The reply should hold nothing except the lines from the one with "Mit dabei in" through the end of the entries, duplicated exactly and with no pictures.

= = =

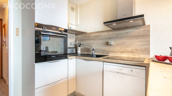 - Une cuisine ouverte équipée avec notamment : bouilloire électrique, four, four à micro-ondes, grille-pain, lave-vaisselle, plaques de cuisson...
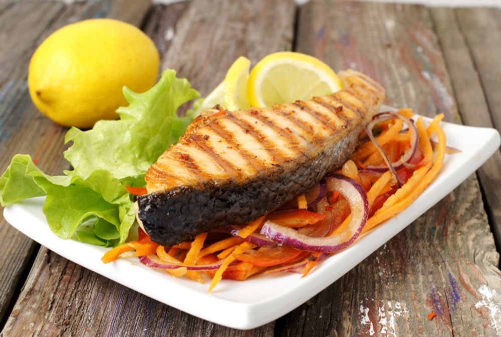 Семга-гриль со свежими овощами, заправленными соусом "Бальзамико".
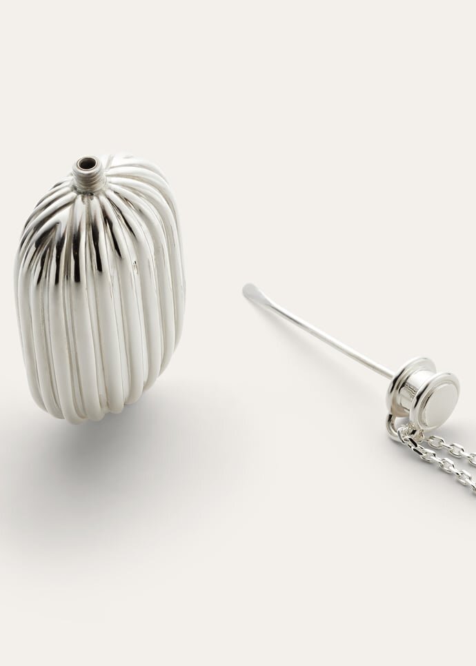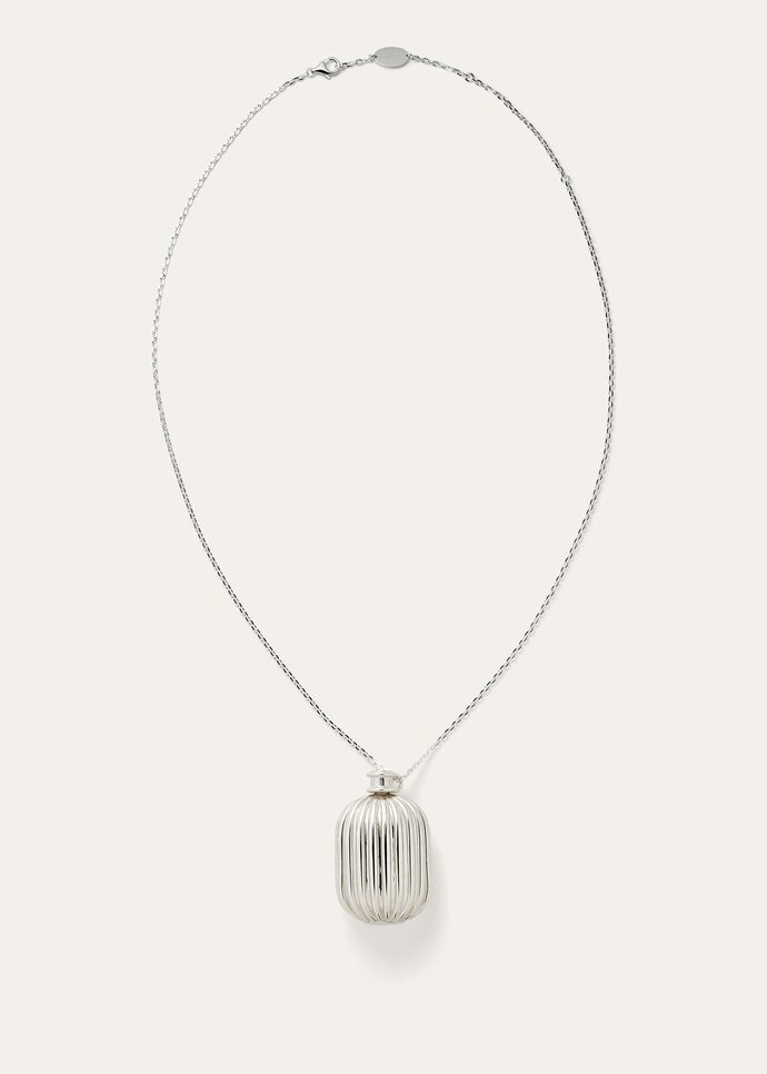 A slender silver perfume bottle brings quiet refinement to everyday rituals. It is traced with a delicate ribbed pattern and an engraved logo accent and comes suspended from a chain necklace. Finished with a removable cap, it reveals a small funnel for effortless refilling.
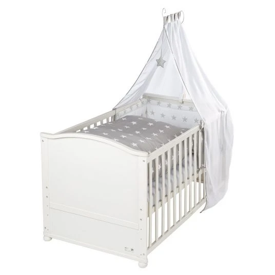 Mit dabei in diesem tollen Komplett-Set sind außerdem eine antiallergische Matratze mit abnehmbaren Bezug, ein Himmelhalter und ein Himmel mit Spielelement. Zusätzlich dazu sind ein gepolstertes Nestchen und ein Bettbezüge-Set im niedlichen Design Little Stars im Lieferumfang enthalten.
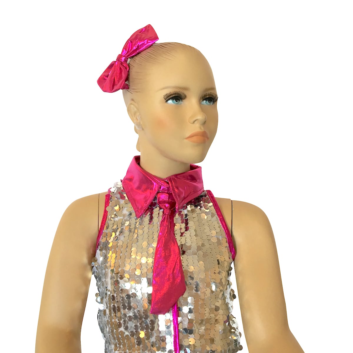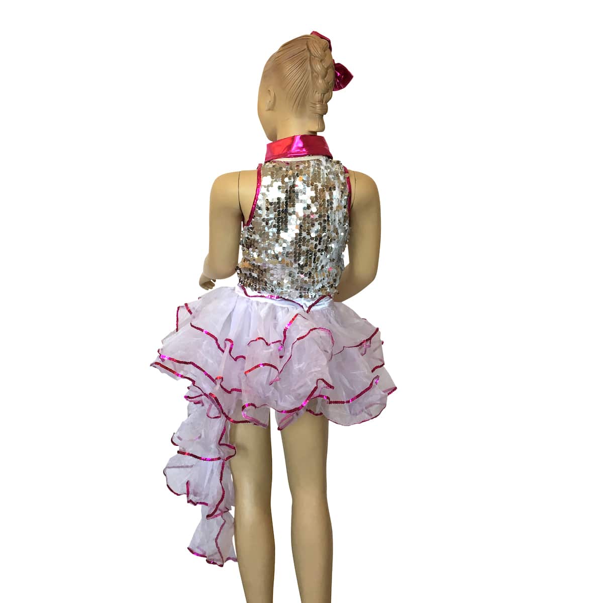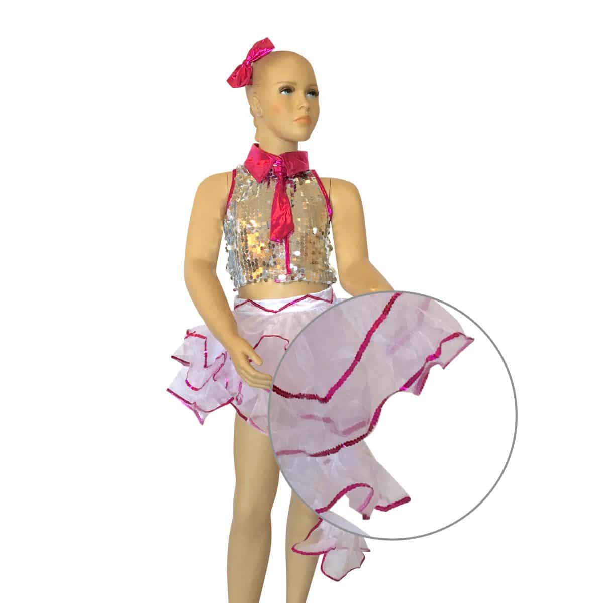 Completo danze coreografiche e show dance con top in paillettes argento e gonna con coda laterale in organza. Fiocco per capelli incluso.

= = =

**Solution to the problem**
 Mit dabei in diesem tollen Komplett-Set sind außerdem eine antiallergische Matratze mit abnehmbaren Bezug, ein Himmelhalter und ein Himmel mit Spielelement. Zusätzlich dazu sind ein gepolstertes Nestchen und ein Bettbezüge-Set im niedlichen Design Little Stars im Lieferumfang enthalten.
 Completo danze coreografiche e show dance con top in paillettes argento e gonna con coda laterale in organza. Fiocco per capelli incluso.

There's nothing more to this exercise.